In your markdown document.

Of course, we can figure out a way to do it inliftrorknitr. But R Markdown allow you to pass parameters to your R Markdown template, please read this tutorialParameterized Reports. This doesn’t solve my problem that I want to directly describe command line interface in the markdown template. However, here is alternative method:

Create an command line interface to passparamsfrom docopt intormarkdown::render()function. In this way, we can pass as many as possible parameters from command line interface into our R Markdown template.

So here we go, here is updated methods and it’s also what I use for another tutorial about RNA-seq workflow.

fl <- system.file("docker/sevenbridges/src/", "runif.R", package = "sevenbridges")

Here is the current content of command line interface

#!/usr/local/bin/Rscript 'usage: runif.R [--n= --min= --max= --seed=] options: --n= number of observations. If length(n) > 1, the length is taken to be the number required [default: 1]. --min= lower limits of the distribution. Must be finite [default: 0]. --max= upper limits of the distribution. Must be finite [default: 1]. --seed= seed for set.seed() function [default: 1]' -> doc library("docopt") opts <- docopt(doc) # create param list lst <- list( n = as.integer(opts$n), min = as.numeric(opts$min), max = as.numeric(opts$max), seed = as.numeric(opts$seed) ) # execute your Rmarkdown with these parameters rmarkdown::render("/report/report.Rmd", rmarkdown::html_document(toc = TRUE), output_dir = ".", params = lst)
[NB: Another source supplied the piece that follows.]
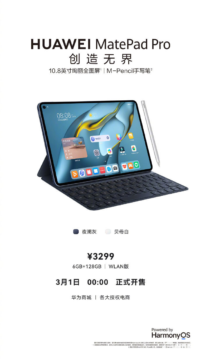 2月28号消息,华为终端官方微博宣布华为MatePad Pro 10.8英寸,6GB+128GB WLAN版将在3月1日0点正式开售。目前这款平板正在预订中,预订立省300元。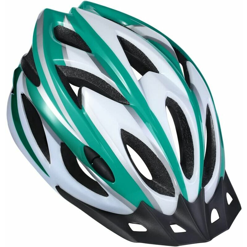 Materiale: il casco da bicicletta adotta EPS, PC e PVC ad alta densità importati. Fodera: fodera protettiva rimovibile, comoda da indossare e facile da lavare. Confortevole: con 18 prese d'aria a nido d'ape, lo speciale design aerodinamico che rende l'aria ventilata può rimanere fresca durante la guida in bicicletta. Sicurezza: la tracolla può essere regolata tra 54 e 62 cm per soddisfare le esigenze della maggior parte dei ciclisti. Leggero: la calotta del casco da bicicletta è realizzata con materiali leggeri e il cuscino interno è realizzato con materiali molto confortevoli e traspiranti. Abbinamento: una fascia da 25 x 46 cm, che può essere utilizzata come sciarpa, cappello, sciarpa, ecc., adatta per attività all'aperto come ciclismo, corsa e.

And here is the report template

——标题:“随机数生成器example" output: rmarkdown::html_document: toc: true number_sections: true css: style.css params: seed: 1 n: 1 min: 0 max: 1 --- ## Summary ```{r} set.seed(params$seed) r <- runif( n = as.integer(params$n), min = as.numeric(params$min), max = as.numeric(params$max) ) summary(r) hist(r) ```

3Setup Docker Hub Automated Build

To make things more reproducible and explicit and automatic, you can do a autohook to automatically build your container/image on Docker Hub. Here is what I do

  1. 我创建了一些项目称为“码头工人”GitHub and it has all container that crated from a Dockerfile, for example, tengfei/docker/runif, please gohereto check it out
  2. This folder root has a Dockerfile and subfolders for extra materials I added at build time, like script or report template.
  3. Log into your Docker Hub account, following thistutorialto make “automated build” from your GitHub account. Make sure you input the right location for your Dockerfile, by customizing it.
  4. Then you will have auto-build every time you push a new update in GitHub.
  5. Start using your Docker image liketengfei/runif.
  6. Feel free to push it onto your Seven Bridges platform registry as well.

4More Examples

There are more examples underinst/dockerfolder, you can check out how to describe command line and build Docker, how to make report template. You may read the online GitHubcode. Or you could read anothertutorialabout how we wrap RNA-seq workflow from Bioconductor.